Good question, I did a quick search on the topic and there are quite a few great threads on this, including this one http://aussiehomebrewer.com/topic/43120-bittering-hops/ which suggests some flavour can come through and the hop choice will make a noticeable difference (on top of the AA% contribution) :beer:


----------



## lukiferj (19/9/13)

Plenty of info on here as mentioned above. I usually use magnum as I find it adds bitterness with little harshness or flavour. High AA and works in a lot of the styles I brew.


----------



## _Mick_ (19/9/13)

Cool thanks, I have been reading a bit on this topic and have found a fair bit of info but unfortunately being the internet there is alot of contradictions out there... Hoping someone has some first hand experience on what they do for bittering. I'm just looking for ways to cut cost so instead of buying lots of little bags of hops I can buy a bulk lot of a high AA hop as a generic bitterer.


----------



## syl (19/9/13)

_Mick_ said:


> Cool thanks, I have been reading a bit on this topic and have found a fair bit of info but unfortunately being the internet there is alot of contradictions out there... Hoping someone has some first hand experience on what they do for bittering. I'm just looking for ways to cut cost so instead of buying lots of little bags of hops I can buy a bulk lot of a high AA hop as a generic bitterer.
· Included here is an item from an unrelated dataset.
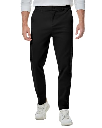 Elegancity Mens Chino Trousers Slim Fit Tapered Leg Dress Pants Cotton Twill Chinos Smart Casual Stretch Pants with Pockets Black, S

It's not just an internet thing, it's particularly prevalent amongst homebrewing scene! It's due to the mix of science and subjective tasting and testing. There are a lot of pedants and a lot of theories that are simply fads. Hot side aeration???
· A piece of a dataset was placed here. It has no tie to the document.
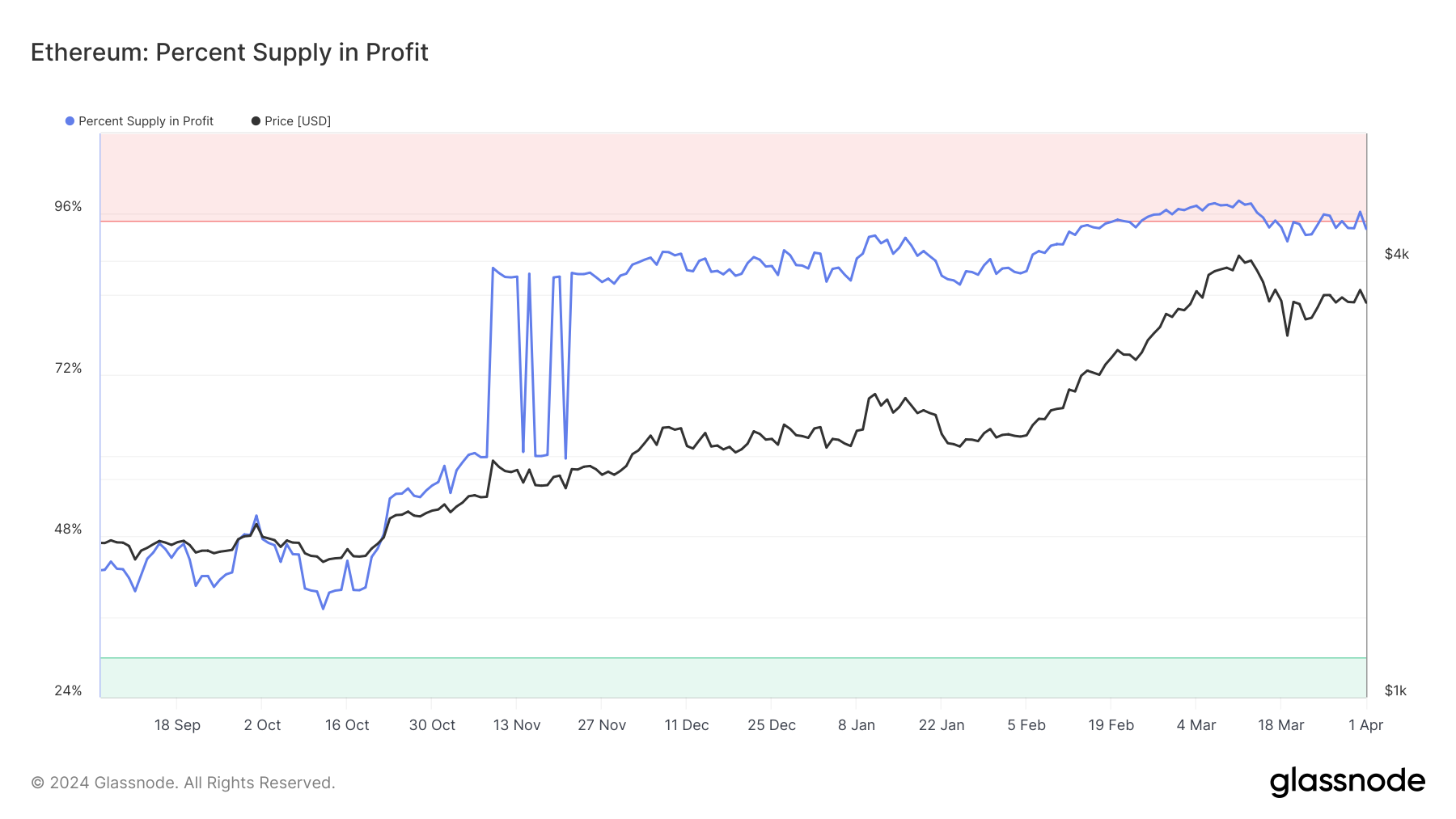Apesar da queda, o preço do Ethereum quase recuperou US$ 3.500 como piso de suporte antes de falhar. Isso resultou em lucros para os investidores em criptomoedas. No momento, mais de 96% de toda a oferta está em lucros.

I find that bittering hops do impart some flavour, to do with the make up of their oils. It's a reason I don't bitter with galaxy anymore, felt it imparted grassy flavours overall (sort of like dry hopping too early with galaxy)

If you want a neutral bittering hop, use Perle or Magnum. They add great IBU's whilst not adding too much harshness or notable flavours.


----------



## wbosher (19/9/13)

I was discussing this exact topic with Manticle and Dr Smurto a while back, and I think you'll agree that they have plenty of experience. I'll see if I can find the thread, but basically the lower AA hops aren't quite as harsh as the higher ones, a more mellow bitterness if that makes sense.

Not such a big deal in a highly hopped IPA, but something with a lower IBU, it could possibly be detected.

Here it is


----------



## Bribie G (19/9/13)

The bittering hops make a huge difference. Pride of Ringwood single addition, Saaz single addition and Challenger single addition will produce wildly different tasting beers. Many Continental brewers have no concept of late hops, flameout additions or dry hopping but you still get that hop aroma hit when you open the bottle. A rather extreme example of this is the hop Galena used in Corona. When I did a Cerveza style lager I used a fairly small amount of Galena in a 60 min boil and even though I only put in about 15g for the whole brew you could still get a slight hop nose on opening the bottle.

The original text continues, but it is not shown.